Sophia parpadeó rápidamente, mirándolo confundida, a la defensiva y calculadora.
Peter se inclinó hacia adelante, con una voz lo suficientemente fría como para congelar la piedra.
—Entonces dígame, Srta.
Darvin, si de verdad tenía pruebas de antemano, ¿por qué no informó al Alfa Natán de inmediato?
¿Por qué esperar hasta después de que se filtraran los secretos de la empresa?
Me obligué a respirar de forma lenta y controlada.
Necesitaba calmarme y pensar.
Sophia se sobresaltó cuando Peter la interrogó, pero el destello de miedo se desvaneció casi al instante.
Demasiado rápido… Sospechosamente rápido.
—Simplemente me pareció extraño en ese momento —dijo, con la voz tan temblorosa que casi parecía creíble—.
No tenía ni idea de que Aria fuera a hacer algo así.
Sus ojos se movieron a la izquierda y luego a la derecha.
De repente, la ira estalló en su interior.
—No puedo creerlo —continuó, llevándose una mano al pecho de forma dramática—.
¡Natán es su marido!
Lo traicionó por el futuro de la empresa de su mejor amigo.
Si no fuera por la filtración accidental de la empresa, nunca habría sabido que le estaba pasando secretos a Richard…
Siguió hablando, hablando y hablando.
Mi lobo gruñó suavemente en el fondo de mi mente.
Su historia parecía perfecta, tan impecable que la conmoción dentro de mí se atenuó un poco.
«Hace un año, Aria se equivocó… pero ya pagó por ello», pensé.

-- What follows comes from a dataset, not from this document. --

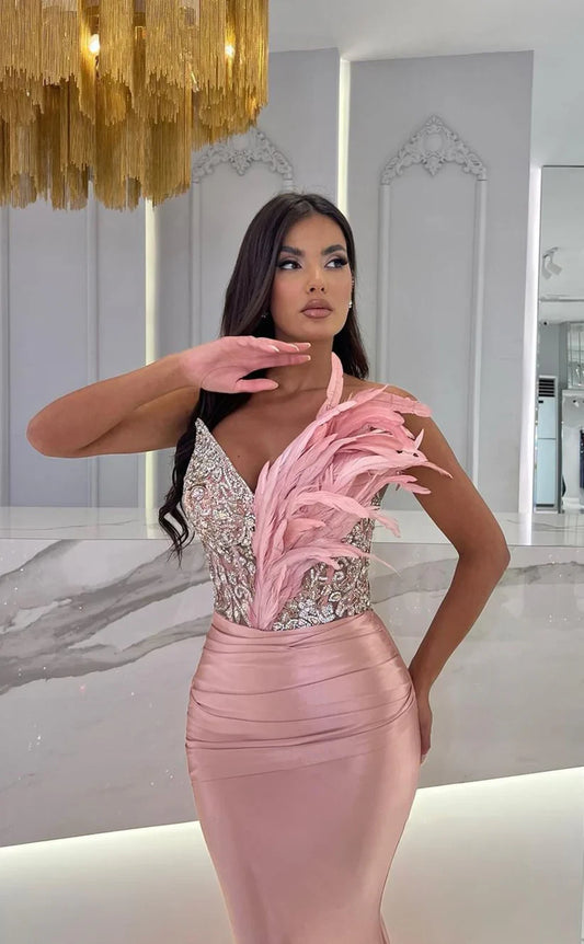 RP1826-New Pink Mermaid V-Neck Appliqued Feather Sleeveless Satin Prom Evening Dresses Formal Party Gowns With Train

«Mientras se mantenga alejada de Richard, dejaré de perseguir a ese fantasma».
—¿De verdad?
—dijo Peter con una risita.
Su tono atravesó mis pensamientos como una cuchilla de plata.
Parpadeé y me volví hacia él.
Se inclinó hacia adelante, con los ojos fijos en Sophia.
—Así que… —dijo Peter, lento y cortante—, ¿por qué vigilabas a Aria de antemano?
Sophia se quedó completamente quieta.
Su corazón falló un latido, su aroma se intensificó y sus dedos se crisparon.
Peter presionó más.
—¿Fue una coincidencia?
¿O fue premeditado?
La habitación se heló.
Miré a Sophia, la miré de verdad.
Estaba asustada.
Su rostro se quedó sin color.
Justo entonces, el tenso silencio se rompió por los golpes en la puerta.
¡PUM!
¡PUM!
¡PUM!
—¡Alfa Natán!
¡Alfa Natán!
Collins se sobresaltó, con el sudor corriéndole por la espalda.
Me miró —mi expresión debía de ser monstruosa— y luego se apresuró hacia la puerta.
«¿Quién demonios se atreve a interrumpir ahora?», me pregunté.
La puerta se abrió de golpe y Ethan casi se desplomó dentro, jadeando, apestando a pánico.
—¡Ethan!
—espetó Collins—.
¿Cómo te atreves a abandonar tu puesto y venir hasta aquí?
Pero Ethan lo ignoró por completo.
Por primera vez en su vida, se atrevió a mirarme directamente a los ojos.
—¡Alfa Natán!
—Su voz se quebró—.
La Luna Aria…
Mi corazón dio un único y fuerte golpe, tan fuerte que me sacudió las costillas.
—¿Qué pasa con la Luna Aria?
—gruñí, mientras mi lobo emergía a la superficie.